In another embodiment, a process flow 200 for forming a bottom electrode having an ultra-smooth bottom electrode surface is provided and shown in FIG. 2. At operation 210, an incoming substrate having vias of copper or other conductive material formed thereon is introduced into the process flow. A blanket deposition of conductive material, such as a refractory metal or metal nitride, is formed over the copper vias at operation 220. The refractory metal or metal nitride can be selected from tantalum, tantalum nitride, tungsten, tungsten nitride or combinations thereof. Other metals or metal nitrides such as titanium or titanium nitride can be deposited and capped with refractory metals or metal nitrides. At operation 230, the blanket layer is then patterned and etched to form the bottom electrode pads.
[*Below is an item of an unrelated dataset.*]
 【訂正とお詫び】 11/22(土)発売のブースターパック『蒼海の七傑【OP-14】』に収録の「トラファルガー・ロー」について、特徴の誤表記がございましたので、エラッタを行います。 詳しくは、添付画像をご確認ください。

Oxide, or another dielectric material, is then deposited over the bottom electrodes at operation 240. Following oxide deposition, the oxide is polished using CMP to stop on the bottom electrodes at operation 250. A bottom electrode buff layer of conductive material, such as a refractory metal or metal nitride, is then deposited on the exposed bottom electrode pad and oxide following a pre-clean operation at operation 260. The refractory metal or metal nitride can be selected from tantalum, tantalum nitride, tungsten, tungsten nitride or combinations thereof. Then, at operation 270, the bottom electrode buff layer is polished using CMP to increase uniformity across the bottom electrode pad surface(s) and reduce asperities coming from the bottom of the structure. An MTJ deposition sequence is then performed to form MTJ stacks thereover at operation 280.
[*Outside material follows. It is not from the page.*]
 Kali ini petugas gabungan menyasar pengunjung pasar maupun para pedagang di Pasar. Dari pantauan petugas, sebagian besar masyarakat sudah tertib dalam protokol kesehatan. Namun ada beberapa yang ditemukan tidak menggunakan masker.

The methods of forming a magnetic tunnel junction (MTJ) structure disclosed herein provide for formation of an MTJ structure in which the MTJ size is less than, equal to or greater than a size of a bottom electrode pad.



FIG. 3 is a cross-sectional view illustrating a structure 300, such as a memory device having a memory portion 314 and a logic portion 316, formed according to an embodiment of a process sequence disclosed herein. One example of a process sequence of this disclosure includes the deposition of tantalum nitride as the bottom electrode pad 304 and the bottom electrode buff layer 308 over a substrate having vias 302 of conductive material thereon. The tantalum nitride is preferably deposited using physical vapor deposition. Nitrogen gas flows can be adjusted to achieve a stoichiometry approaching 1:1. This desired stoichiometry can be achieved, for example, by increasing nitrogen flow during physical vapor deposition. As one example, a tantalum nitride layer can be deposited by reactive sputtering of a tantalum target with nitrogen gas flow. An exemplary deposition system that can be used is the EnCoRe II Ta(N) chamber on an Endura® processing platform, available from Applied Materials, Inc. located in Santa Clara, Calif. The as deposited surface roughness has been shown to improve as the stoichiometry approaches 1:1. For example, a surface roughness below about 0.75 nm as deposited can be achieved as the stoichiometry approaches 1:1. The surface roughness of the tantalum nitride layer can be improved using a low down force CMP process. For example, a surface roughness of less than 0.2 nm can be achieved following a CMP process in which about 1 pound per square inch (psi) down force is applied. CMP processes from low down force of about 1 psi up to a high down force of about 3 psi can achieve good results. A CMP process according to aspects disclosed herein can be performed using a Ceria based slurry on a Reflexion® LK Prime processing system, available from Applied Materials, Inc. located in Santa Clara, Calif.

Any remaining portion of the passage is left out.